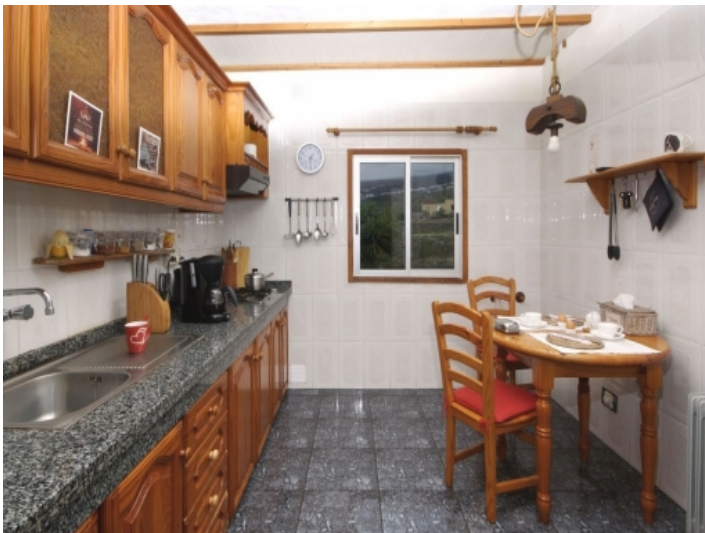
Large kitchen with dining area
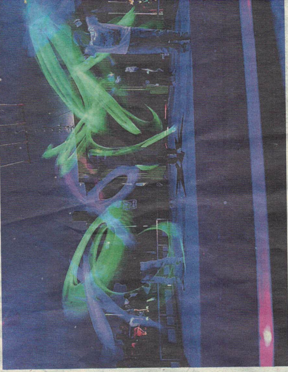
Eine Gruppe bei den Proben für das „Poi-Schwüngen“.
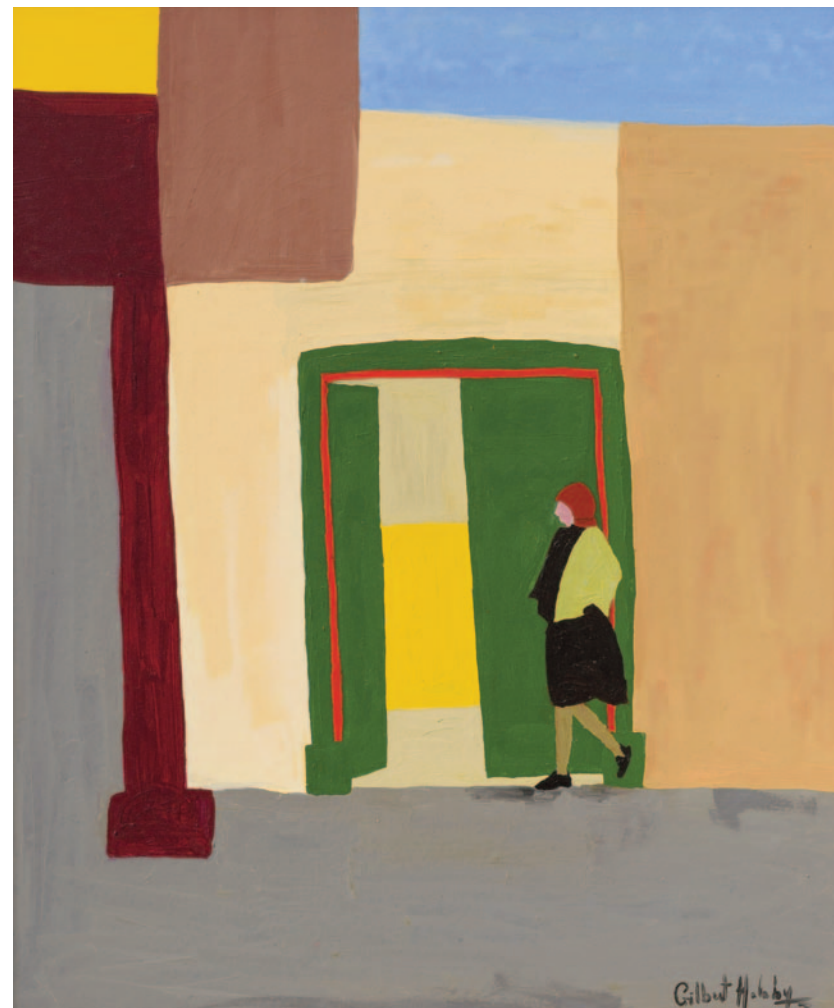
Isabella I, 2022 olio su tela applicata su cartoncino 60 x 50 cm
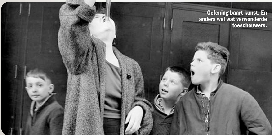
Oefening baart kunst. En anders wel wat verwonderde toeschouwers.

Je bent zelf degenliker en hebt behoefte om met gelijkgestemden over je vak te praten? Sluit je dan aan bij de Sword Swallowers Association International. De vereniging stelt een paar eisen. Zo moet je een zwaard kunnen slikken dat a) niet oprolbaar of inschuifbaar is, b) minstens 38 centimeter lang is, en c) minstens 2 centimeter breed is. Eitje? Meld je dan aan op www.swordswallow.org ! Voor de kosten hoeft je het niet te laten: slechts 25 dollar per jaar. Nederlandse leden heeft de club overigens niet. Zijn Nederlanders niet zulke waaghalzen, waar het de slokdarm betreft?
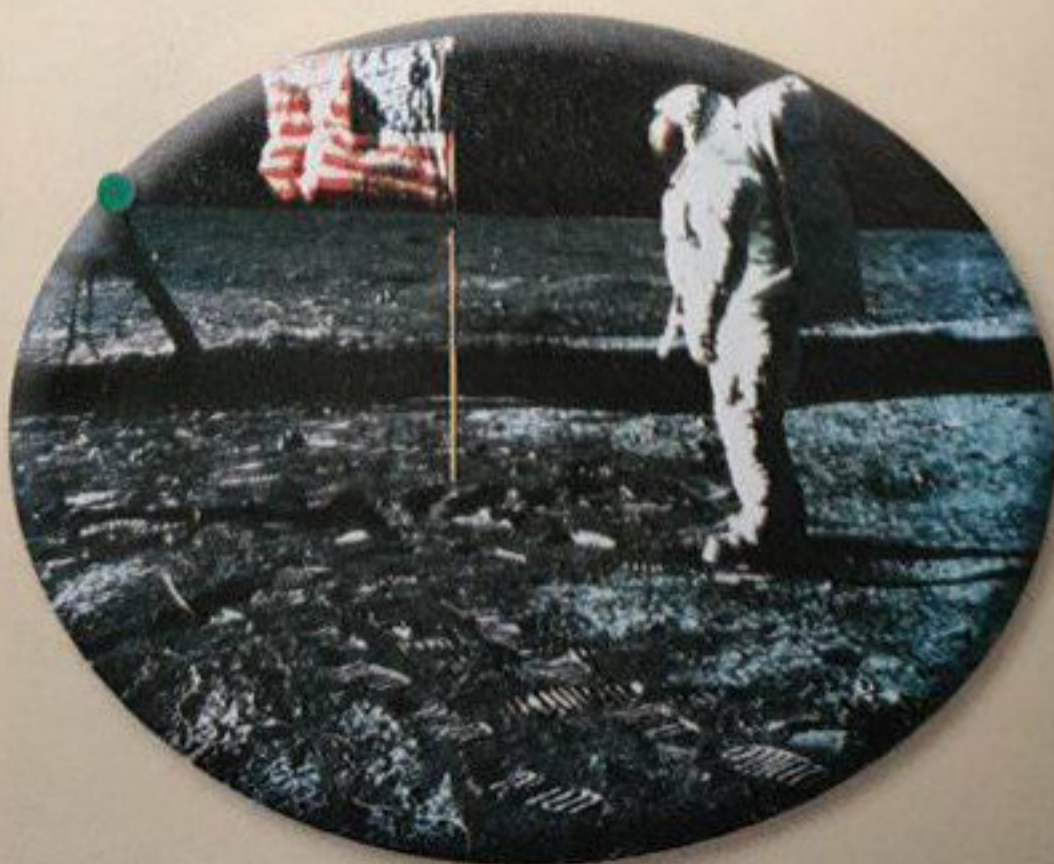
■ Le premier homme sur la Lune (juillet 1969)
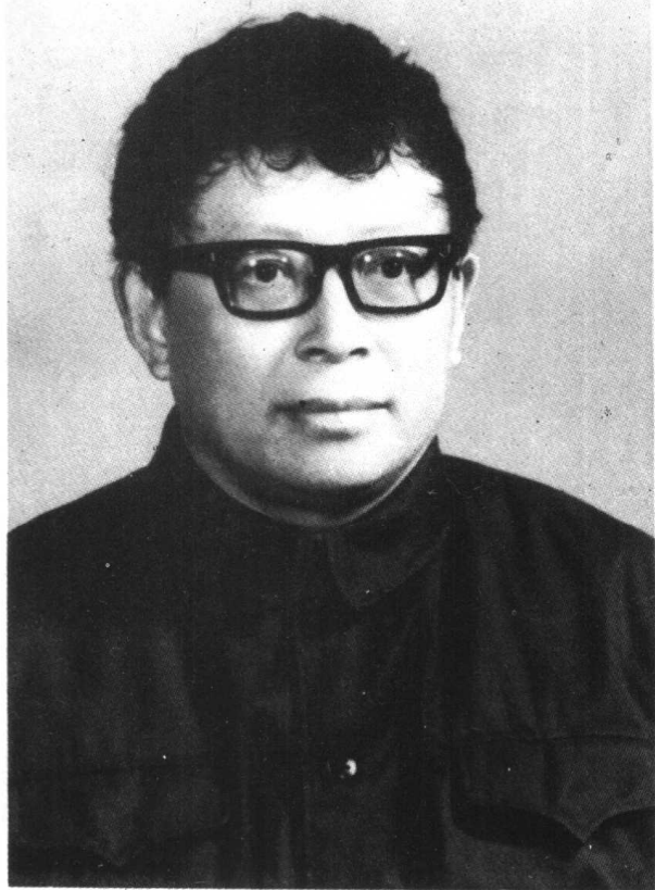
來 蕪 同 志 遺 像

PROBLEM STATEMENT:
The records above need to be copied exactly, with the pictures left out.

SOLUTION TO THIS PROBLEM:
Large kitchen with dining area
Eine Gruppe bei den Proben für das „Poi-Schwüngen“.
Isabella I, 2022 olio su tela applicata su cartoncino 60 x 50 cm
Oefening baart kunst. En anders wel wat verwonderde toeschouwers.

Je bent zelf degenliker en hebt behoefte om met gelijkgestemden over je vak te praten? Sluit je dan aan bij de Sword Swallowers Association International. De vereniging stelt een paar eisen. Zo moet je een zwaard kunnen slikken dat a) niet oprolbaar of inschuifbaar is, b) minstens 38 centimeter lang is, en c) minstens 2 centimeter breed is. Eitje? Meld je dan aan op www.swordswallow.org ! Voor de kosten hoeft je het niet te laten: slechts 25 dollar per jaar. Nederlandse leden heeft de club overigens niet. Zijn Nederlanders niet zulke waaghalzen, waar het de slokdarm betreft?
■ Le premier homme sur la Lune (juillet 1969)
來 蕪 同 志 遺 像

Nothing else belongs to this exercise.